The cost reality: for a 50-person company, Copilot costs £18,000/year on top of existing M365 licensing. Microsoft reports that only about 3% of M365 commercial users pay for Copilot (15 million out of 450 million). A Recon Analytics survey found that when workers have access to ChatGPT, Claude, Gemini, and Copilot, only 8% choose Copilot as their primary tool. These adoption numbers suggest the market hasn’t yet validated Copilot’s premium pricing for most use cases.


Copilot vs Alternatives

Copilot vs ChatGPT Plus ($20/month) for the same business tasks: ChatGPT produces higher-quality writing, more versatile output (images, voice, plugins), and more creative content. Copilot wins on organisational context (it knows your company’s data) and native Office integration (no copy-paste between apps). For a hybrid approach, many professionals use Copilot for in-app convenience and meeting AI, then switch to ChatGPT for quality-sensitive work.

Copilot vs Claude Pro ($20/month) for document analysis: Claude produces more thorough, better-reasoned analysis with superior writing quality.
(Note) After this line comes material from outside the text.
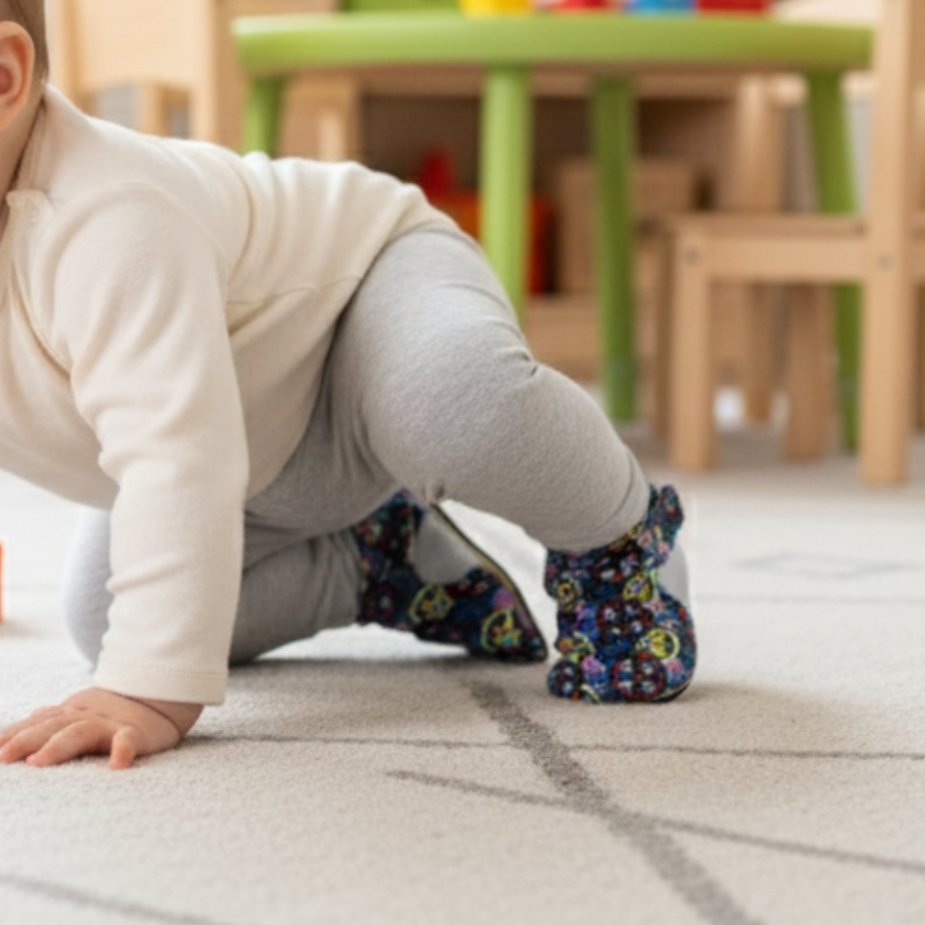 Son ideales en la etapa del gateo y primeros pasos cuando quieras proteger los pies de rozaduras y golpes, o quieras calzarlos para salir a la calle.
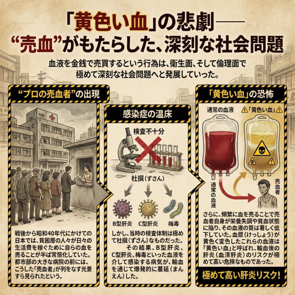 - さらに、頻繁に血を売ることで売血者自身が栄養失調や貧血状態に陥り、その血液の質は著しく低下していた。血漿(けっしょう)が黄色く変色したこれらの血液は「黄色い血」と呼ばれ、輸血後の肝炎(血清肝炎)のリスクが極めて高い危険なものであった。

Upload a 50-page report to Claude and ask for an executive summary — the output is consistently stronger than Copilot’s equivalent in Word. Copilot’s advantage is that it can pull from your SharePoint and OneDrive files without manual upload, and the output appears natively in Word. Claude’s advantage is that the analysis is deeper and the writing is better.

The optimal combination: Copilot for Teams meetings and in-app Office convenience + Claude Pro or ChatGPT Plus for quality-sensitive writing, analysis, and creative tasks. This costs £50/user/month total but covers every AI need at the appropriate quality level. For most professionals, this hybrid outperforms either tool alone.


Frequently Asked Questions

Is Copilot for M365 included in my subscription?

Not automatically. The free Copilot Chat is currently included with qualifying M365 business subscriptions, but starting April 15, 2026, Microsoft is restricting Copilot Chat access in Word, Excel, PowerPoint, and OneNote for users without a paid licence. Full Microsoft 365 Copilot requires an additional licence: $30/user/month for organisations with 300+ users, or $21/user/month for businesses with 300 or fewer users. This is on top of your existing Microsoft 365 subscription. Personal and Family plan users get limited AI credits rather than the full enterprise Copilot experience.

Can I try Copilot before paying?

For enterprise: Microsoft offers pilot programmes, typically 30–90 days with a limited number of seats, before requiring a full contract. Contact your Microsoft account representative to arrange a trial. For individual evaluation: Copilot Chat (the free, web-grounded version) is available now to all M365 business users, though with reduced functionality after April 2026. This lets you experience Copilot’s interface and basic capabilities, but doesn’t demonstrate the full organisational grounding and in-app features that the paid version provides.

Is Copilot getting better over time?

Yes — measurably so. The January 2026 Agent mode update for Word, Excel, and PowerPoint improved the editing experience significantly, moving from one-shot generation to iterative refinement. Outlook’s expanded context window now includes your full inbox and calendar. Teams meeting features continue to add capabilities (meeting scheduling, cross-meeting search). The trajectory is clearly positive. However, the pace of improvement varies by app — Teams and Word are improving rapidly, while Excel’s AI capabilities remain the weakest link. Microsoft’s investment in Copilot is massive and sustained, so continued improvement is expected. The question for buyers is whether the current state justifies the current price, or whether waiting 6–12 months for further maturation would be more prudent.